The required output is the complete data, repeated without alteration.

▶ [Collected data entries]:
===

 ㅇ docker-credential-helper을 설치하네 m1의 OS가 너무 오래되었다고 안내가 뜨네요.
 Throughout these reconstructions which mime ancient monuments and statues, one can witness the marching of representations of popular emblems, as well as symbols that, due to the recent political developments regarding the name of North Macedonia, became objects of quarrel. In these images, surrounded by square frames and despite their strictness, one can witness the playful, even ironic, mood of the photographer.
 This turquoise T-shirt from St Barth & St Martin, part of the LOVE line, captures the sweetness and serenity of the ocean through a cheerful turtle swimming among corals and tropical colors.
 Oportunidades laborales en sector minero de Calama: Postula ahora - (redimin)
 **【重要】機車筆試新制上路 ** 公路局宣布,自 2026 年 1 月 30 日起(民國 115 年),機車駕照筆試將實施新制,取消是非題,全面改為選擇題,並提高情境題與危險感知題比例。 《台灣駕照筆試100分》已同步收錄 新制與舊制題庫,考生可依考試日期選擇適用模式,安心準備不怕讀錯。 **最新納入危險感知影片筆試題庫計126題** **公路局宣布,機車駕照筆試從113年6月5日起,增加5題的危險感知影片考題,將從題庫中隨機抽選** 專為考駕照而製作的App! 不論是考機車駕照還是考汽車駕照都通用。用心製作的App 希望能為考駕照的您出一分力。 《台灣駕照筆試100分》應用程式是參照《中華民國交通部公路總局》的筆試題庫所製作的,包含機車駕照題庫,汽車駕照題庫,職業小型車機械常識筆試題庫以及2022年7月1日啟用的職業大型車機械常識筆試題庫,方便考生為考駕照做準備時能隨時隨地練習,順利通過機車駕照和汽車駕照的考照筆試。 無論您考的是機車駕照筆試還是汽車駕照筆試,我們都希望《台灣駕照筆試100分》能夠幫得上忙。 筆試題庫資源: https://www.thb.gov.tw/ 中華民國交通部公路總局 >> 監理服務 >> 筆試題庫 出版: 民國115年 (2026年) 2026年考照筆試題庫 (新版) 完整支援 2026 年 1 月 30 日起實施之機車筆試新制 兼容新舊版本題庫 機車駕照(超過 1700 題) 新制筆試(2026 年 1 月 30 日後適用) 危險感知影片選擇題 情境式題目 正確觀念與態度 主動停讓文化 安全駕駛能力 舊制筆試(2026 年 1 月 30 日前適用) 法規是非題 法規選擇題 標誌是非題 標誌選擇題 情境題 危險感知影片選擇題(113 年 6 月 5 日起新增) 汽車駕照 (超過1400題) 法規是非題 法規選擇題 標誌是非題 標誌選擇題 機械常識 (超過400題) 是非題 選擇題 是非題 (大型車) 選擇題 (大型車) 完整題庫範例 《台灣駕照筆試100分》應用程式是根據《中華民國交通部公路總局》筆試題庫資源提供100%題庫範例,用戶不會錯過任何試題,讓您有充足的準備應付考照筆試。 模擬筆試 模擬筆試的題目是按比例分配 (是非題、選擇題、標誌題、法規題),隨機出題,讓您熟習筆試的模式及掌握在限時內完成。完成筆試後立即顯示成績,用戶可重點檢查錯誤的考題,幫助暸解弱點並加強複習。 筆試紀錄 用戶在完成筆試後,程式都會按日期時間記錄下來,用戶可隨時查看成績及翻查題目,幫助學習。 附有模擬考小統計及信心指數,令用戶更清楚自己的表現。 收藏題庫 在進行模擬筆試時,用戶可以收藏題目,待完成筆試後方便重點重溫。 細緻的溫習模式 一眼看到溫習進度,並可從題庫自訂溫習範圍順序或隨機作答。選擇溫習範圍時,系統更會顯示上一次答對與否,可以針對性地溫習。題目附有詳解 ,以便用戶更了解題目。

===

▶ [EXPECTED OUTPUT]:
 ㅇ docker-credential-helper을 설치하네 m1의 OS가 너무 오래되었다고 안내가 뜨네요.
 Throughout these reconstructions which mime ancient monuments and statues, one can witness the marching of representations of popular emblems, as well as symbols that, due to the recent political developments regarding the name of North Macedonia, became objects of quarrel. In these images, surrounded by square frames and despite their strictness, one can witness the playful, even ironic, mood of the photographer.
 This turquoise T-shirt from St Barth & St Martin, part of the LOVE line, captures the sweetness and serenity of the ocean through a cheerful turtle swimming among corals and tropical colors.
 Oportunidades laborales en sector minero de Calama: Postula ahora - (redimin)
 **【重要】機車筆試新制上路 ** 公路局宣布,自 2026 年 1 月 30 日起(民國 115 年),機車駕照筆試將實施新制,取消是非題,全面改為選擇題,並提高情境題與危險感知題比例。 《台灣駕照筆試100分》已同步收錄 新制與舊制題庫,考生可依考試日期選擇適用模式,安心準備不怕讀錯。 **最新納入危險感知影片筆試題庫計126題** **公路局宣布,機車駕照筆試從113年6月5日起,增加5題的危險感知影片考題,將從題庫中隨機抽選** 專為考駕照而製作的App! 不論是考機車駕照還是考汽車駕照都通用。用心製作的App 希望能為考駕照的您出一分力。 《台灣駕照筆試100分》應用程式是參照《中華民國交通部公路總局》的筆試題庫所製作的,包含機車駕照題庫,汽車駕照題庫,職業小型車機械常識筆試題庫以及2022年7月1日啟用的職業大型車機械常識筆試題庫,方便考生為考駕照做準備時能隨時隨地練習,順利通過機車駕照和汽車駕照的考照筆試。 無論您考的是機車駕照筆試還是汽車駕照筆試,我們都希望《台灣駕照筆試100分》能夠幫得上忙。 筆試題庫資源: https://www.thb.gov.tw/ 中華民國交通部公路總局 >> 監理服務 >> 筆試題庫 出版: 民國115年 (2026年) 2026年考照筆試題庫 (新版) 完整支援 2026 年 1 月 30 日起實施之機車筆試新制 兼容新舊版本題庫 機車駕照(超過 1700 題) 新制筆試(2026 年 1 月 30 日後適用) 危險感知影片選擇題 情境式題目 正確觀念與態度 主動停讓文化 安全駕駛能力 舊制筆試(2026 年 1 月 30 日前適用) 法規是非題 法規選擇題 標誌是非題 標誌選擇題 情境題 危險感知影片選擇題(113 年 6 月 5 日起新增) 汽車駕照 (超過1400題) 法規是非題 法規選擇題 標誌是非題 標誌選擇題 機械常識 (超過400題) 是非題 選擇題 是非題 (大型車) 選擇題 (大型車) 完整題庫範例 《台灣駕照筆試100分》應用程式是根據《中華民國交通部公路總局》筆試題庫資源提供100%題庫範例,用戶不會錯過任何試題,讓您有充足的準備應付考照筆試。 模擬筆試 模擬筆試的題目是按比例分配 (是非題、選擇題、標誌題、法規題),隨機出題,讓您熟習筆試的模式及掌握在限時內完成。完成筆試後立即顯示成績,用戶可重點檢查錯誤的考題,幫助暸解弱點並加強複習。 筆試紀錄 用戶在完成筆試後,程式都會按日期時間記錄下來,用戶可隨時查看成績及翻查題目,幫助學習。 附有模擬考小統計及信心指數,令用戶更清楚自己的表現。 收藏題庫 在進行模擬筆試時,用戶可以收藏題目,待完成筆試後方便重點重溫。 細緻的溫習模式 一眼看到溫習進度,並可從題庫自訂溫習範圍順序或隨機作答。選擇溫習範圍時,系統更會顯示上一次答對與否,可以針對性地溫習。題目附有詳解 ,以便用戶更了解題目。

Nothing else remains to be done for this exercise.